Perhaps at 11:15pm on a Saturday in September –
after the late night news.

T S Eliot plaque East Coker church

in my beginning is my end … in my end is my beginning
T. S. Eliot’s Memorial Plaque – East Coker Church, Somerset

Footnotes
1 James Ussher (4 January 1581 – 21 March 1656) was the Irish Archbishop of Armagh and Primate of All Ireland between1625 and 1656. He was a prolific scholar and church leader, famous for his chronology that sought to establish the time and date of the creation.
2 Thomas Guy (1644–1724) was a British bookseller, speculator and official publisher of bibles and from his wealth became the de facto founder of Guys Hospital in London.

It is unbelievable that the populace believed in such things for so many years. I wonder if the same is true for something in life today!

William Blake – Looking at his philosophy

Looking at the philosophy of William Blake (1757 – 1827) Engraver/Artist/Poet

Main works include – Poetical Sketches 1783, Songs of Innocence and Experience 1794, Prophetic Poems Milton and Jerusalem 1804-20.

To see a World in a Grain of Sand
And a Heaven in a Wild Flower
Hold Infinity in the palm of your hand
And Eternity in an hour

From ‘Auguries of Innocence’

The following text is taken from the discussion of his work in Nortons Anthology –

Blake’s mythical starting point is not a transcendent God but the ‘Universal Man’ who is himself God and incorporates the cosmos – defined in his work as ‘The Human Form Divine’ – and this is given the name ‘Albion’. In his myth the fall of man is not a break from God but the falling apart of people into division – the breaking up of ‘Universal Man’.

One of four major divisions or powers (called Zoas) is the imaginative power (called Urthona) and is known as Los in the fallen world. In addition to Urthona there are 3 lower states –
Beulah (easy, relaxed innocence, without clash of ‘contraries’)
 Generation (human experience, suffering, conflicting contraries)
Ulro (Hell, bleak rationality, tyranny, static negation, isolated self-hood)

The World cycles towards redemption through these states … the redeemer is the human imagination … culminating in an apocalypse … the return to the ‘undivided condition’.

He did not know it but shared the view of a number of contemporary German philosophers – the malaise of modern culture is essentially a mode of physical disintegration and the resultant alienation from oneself, one’s world and one’s fellow human beings, and that recovery relies in the process or reintegration.

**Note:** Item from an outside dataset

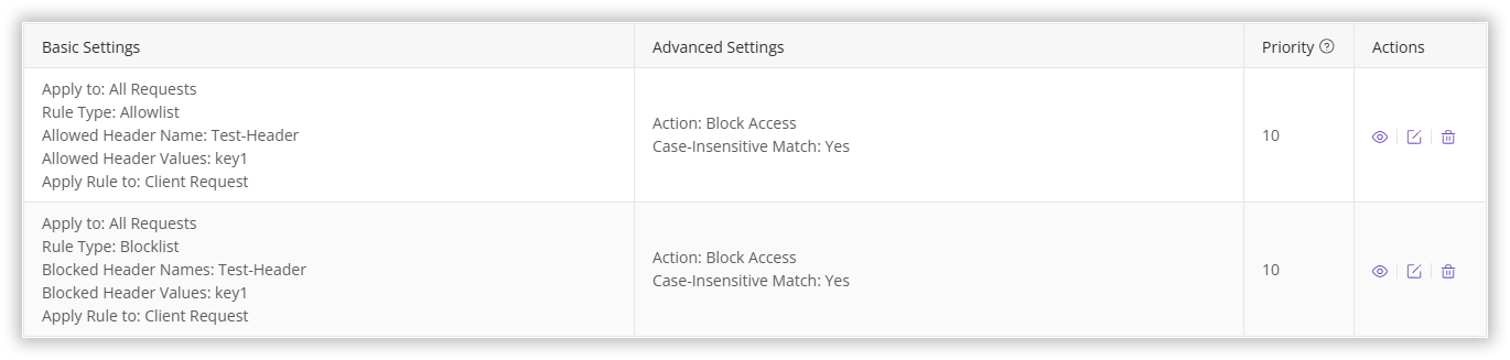 Test-Header with value key1, it matches the blocklist rule, resulting in denied access.Test-Header with a value other than key1, it won’t be blocked by the blocklist but will fail to meet the allowlist (which allows only the Test-Header with value of key1), resulting in access being denied.If you need to configure both a blocklist and an allowlist, please contact our Customer Service for assistance to ensure proper setup.

He does not cancel the fallen world but transforms it by imaginative vision. The reunion of ‘Albion’ recovers a lost vision of nature where all individuals are united as one and can feel at home.

In terms of the puritanical, threatening and joyless religion of his day he emphasised a contrary position based on – desires, energy, abundance, act and freedom – in stark contrast to reason, restraint, passivity and prohibition.

In his work ‘the marriage of Heaven and Hell’ he reversed the traditional values. This work is deliberately outrageous, and at times a comic onslaught against a timidly conventional and self-righteous society.